GBMs are heterogeneous and a variety of subtypes have been described (24, 27). Research to characterize differences in GBMs has led to a better understanding of GBM progression and new therapeutic targets (28, 29). For example, the efficacy of temozolomide is affected by the methylation status of MGMT, an enzyme that repairs the DNA damage resulting from temozolomide’s chemotherapeutic action (30). Methylation of the MGMT promoter silences protein production, preventing repair of DNA damage and leads to tumor cell death (31). MGMT status is now commonly tested in patients and it is well documented that GBM with MGMT promoter methylation are associated with higher median survival (30). Although since the current study was performed with a tissue microarray of GBM patients treated before the current standard of adjuvant temozomolide chemoradiation, and markers such as MGMT methylation and IDH mutation status were not known, we are working to confirm our findings with an updated GBM TMA. Other researchers have discussed the role of hERG as a novel biomarker for several other cancers and our work further supports this approach in GBM (32, 33). If validated, hERG expression may be used in the future to stratify GBM patients for possibly hERG inhibitor adjuvant therapy.
Many drugs inhibit hERG channels off-target, but some of these lack the pro-arrhythmic risk associated with hERG block. Phenytoin, prescribed to control seizures for most patients in this study, poses little risk for torsades de pointes arrhythmia. However, other troubling side effects have led to substitution of other anti-epileptic drugs such as levetiracetam, which does not block hERG channels (34). Whether this trend will affect survival of patients, especially those with tumors expressing high hERG levels, is unknown.

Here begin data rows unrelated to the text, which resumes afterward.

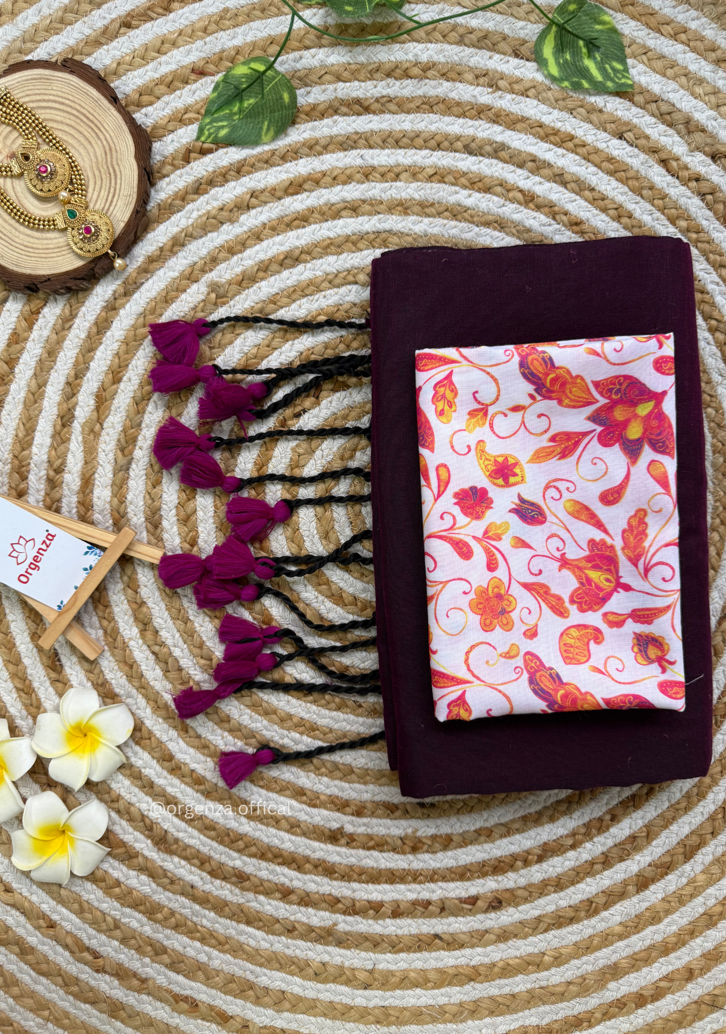 Wine Colour Cotton Saree With White Multi Print Blouse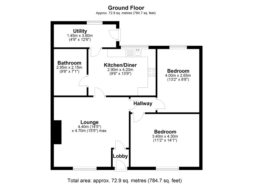 Two bedroom bungalow located in a popular residential area close to local amenities and transport links. Comprises: hall, lounge, kitchen/diner, 2 bedrooms, bathroom and utility room. In need of some updating.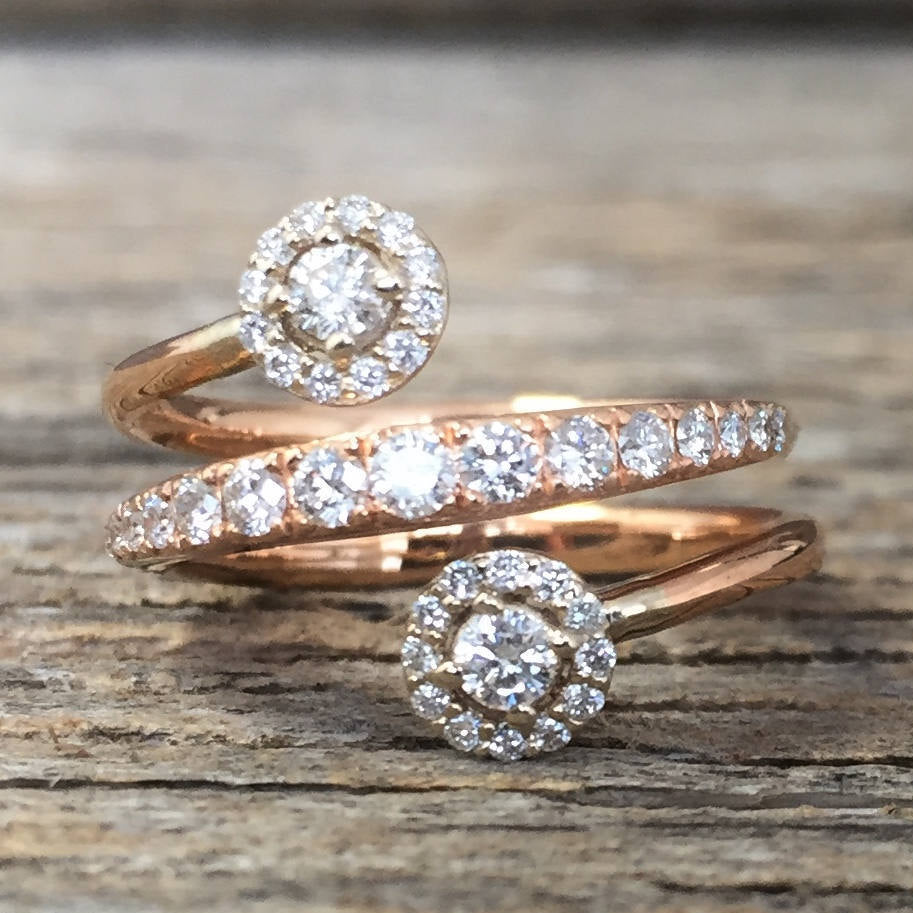 Amazing elegant diamond Spiral Ring features come with two main stones. This fantastic piece of jewelry is suitable for a variety of occasions, whether it is an engagement or any other meaningful moment.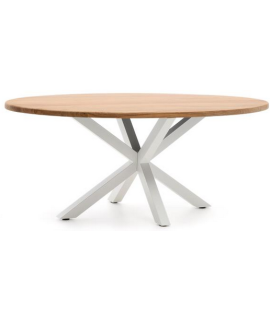 Armonioso, elegante e raffinato tavolo ovale con basamento incrociato in acciaio bianco e piano in legno massello di acacia. Un tavolo davvero invitante, unico e intrigante, dove design e stabilità lo caratterizzano. Un look attraente e moderno.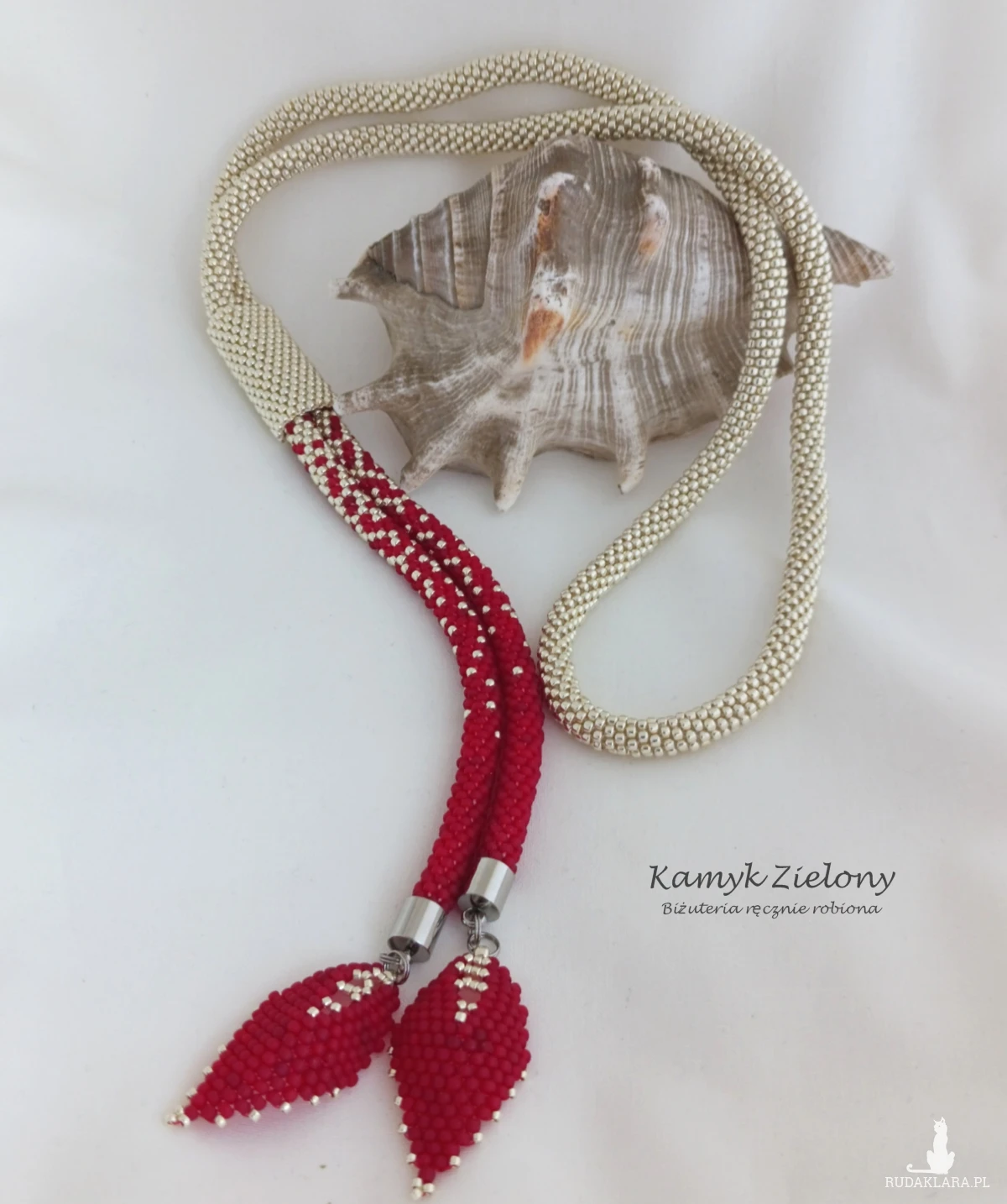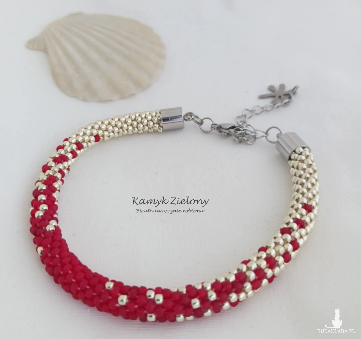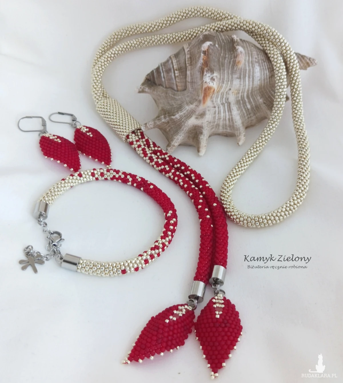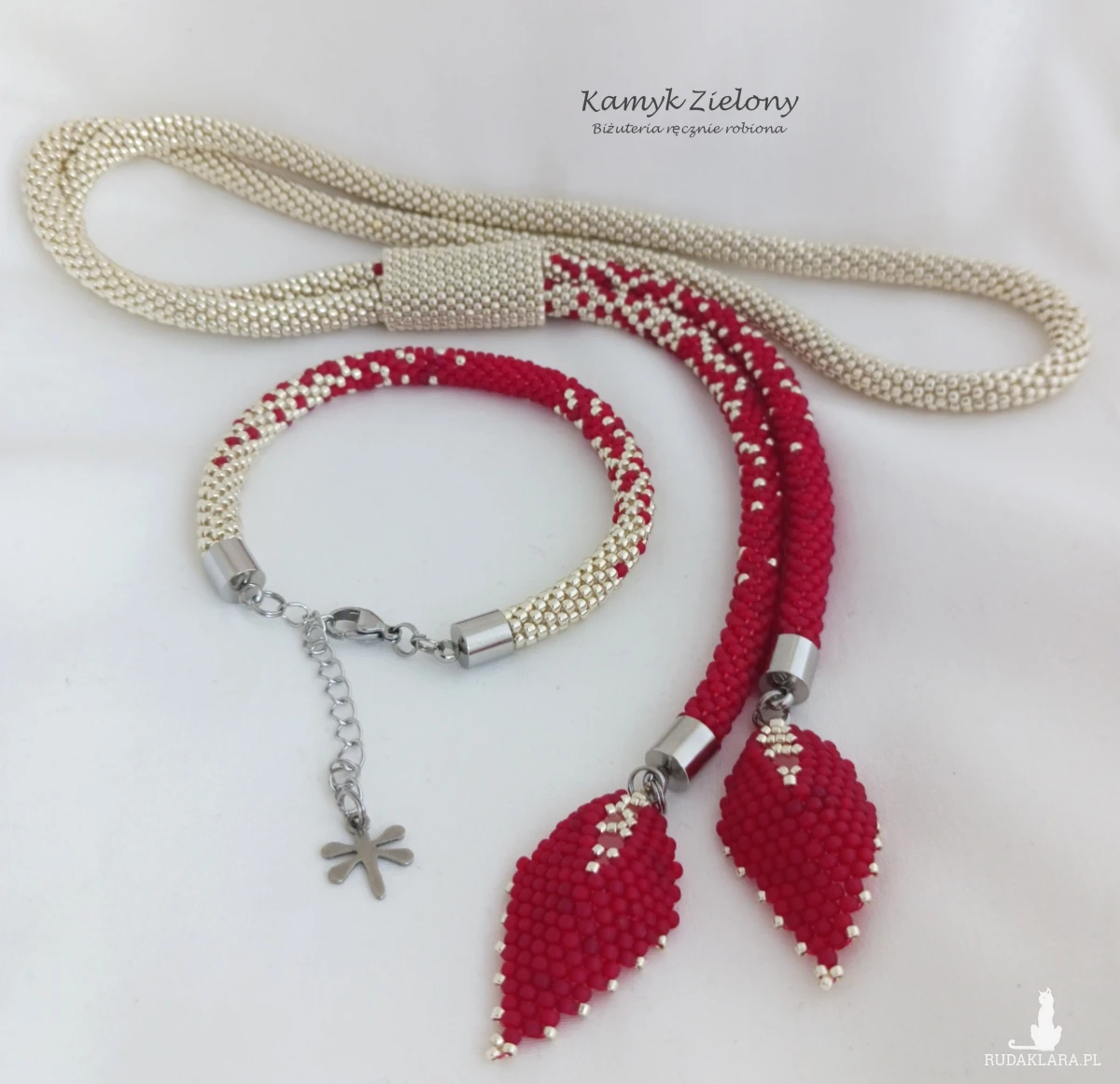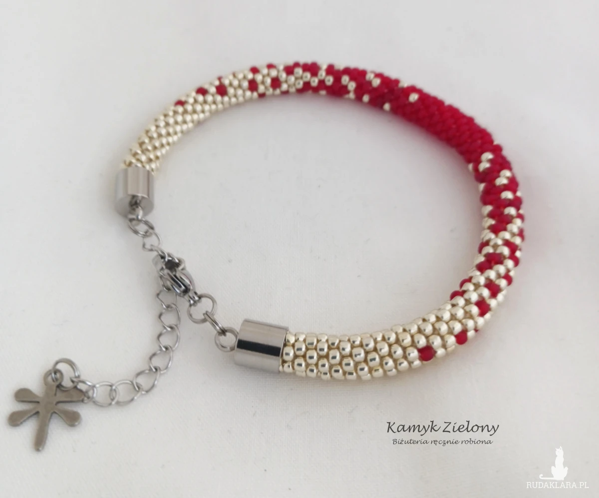 Całość powstała z 2-milimetrowych koralików Toho w kolorze jasnego srebra oraz matowej czerwieni. Do jego wykonania użyto wysokiej jakości koralików ze szkła. W przypadku koralików srebrnych, kolor został naniesiony fabrycznie metodą galwanizowania, dzięki czemu metaliczna, srebrna powłoka jest bardzo trwała.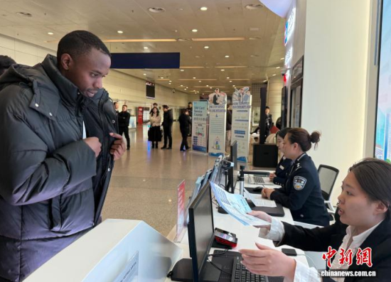 1月20日,吉林長春,外國留學(xué)生在長春龍嘉國際機場“吉便利”出入境一站式綜合服務(wù)窗口辦理相關(guān)業(yè)務(wù)。 中新社記者 張瑤 攝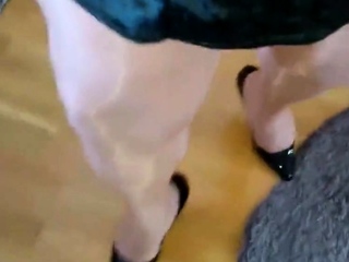 Crossdresser in shiny nude pantyhose and high heels

Our study provides the rationale for clinical trials to determine whether other drugs targeting hERG may provide benefit as adjuvant therapies, by repurposing drugs such as fluoxetine (Prozac®), also a hERG blocker, to reduce tumor proliferation in a subset of patients with the added benefit of also treating depression.
While many FDA approved hERG blockers exist, some of them have the potential to cause arrhythmias due to cardiac hERG blockade especially under conditions of polypharmacy (35). One way to avoid off-target effects of hERG blockade might be combination with tumor targeting agents, such as alkylphosphocholine (APC) analogs (36, 37). Tumor cells are selectively targeted by long term APC retention, whereas normal tissues metabolize APCs. APC analogs can be modified by addition other moieties, such as radioactive iodine or optical fluorescence for diagnostic or therapeutic purposes (27, 28). Based on our findings, hERG blockers that are already FDA approved for other purposes may be repurposed as new therapeutic options for GBM patients. Studies in other cancers, such as leukemia, have shown that specific hERG blockers can have therapeutic effects without causing cardiac toxicities (38). Prospective clinical trials will be needed to test and validate hERG as a GBM biomarker, and potentially stratify GBM patients for hERG inhibitor adjuvant therapy.
Supplementary Material
Translational Relevance.
Glioblastoma (GBM) is the most malignant and deadly primary brain tumor, with a median survival of less than two years despite maximal therapy. Human ether à go-go-related-gene (hERG) is a voltage-dependent K+ channel found overexpressed in GBM cell lines, and linked to aberrant proliferation in other cancers. We analyzed hERG expression in glioblastoma patient-derived cells (GPDCs) and a clinically annotated human GBM tissue microarray (TMA) to determine correlation with patient survival. Since all FDA-approved drugs undergo cardiotoxicity profiling that includes hERG inhibition, GBM patient survival was also analyzed after subgrouping based on GBM hERG expression and whether they received hERG inhibitory drugs (phenytoin, haloperidol, fluoxetine, tamoxifen, amitriptyline, and/or ketoconazole). Our research demonstrates that hERG is a potential GBM biomarker, and that non-torsadogenic hERG blockers may be repurposed as potential adjuvant therapies for high hERG-expressing GBM.
Acknowledgments
We thank David Jones, Fang Liu, Ray Zhang, and Will Lyon for their project advice and technical assistance.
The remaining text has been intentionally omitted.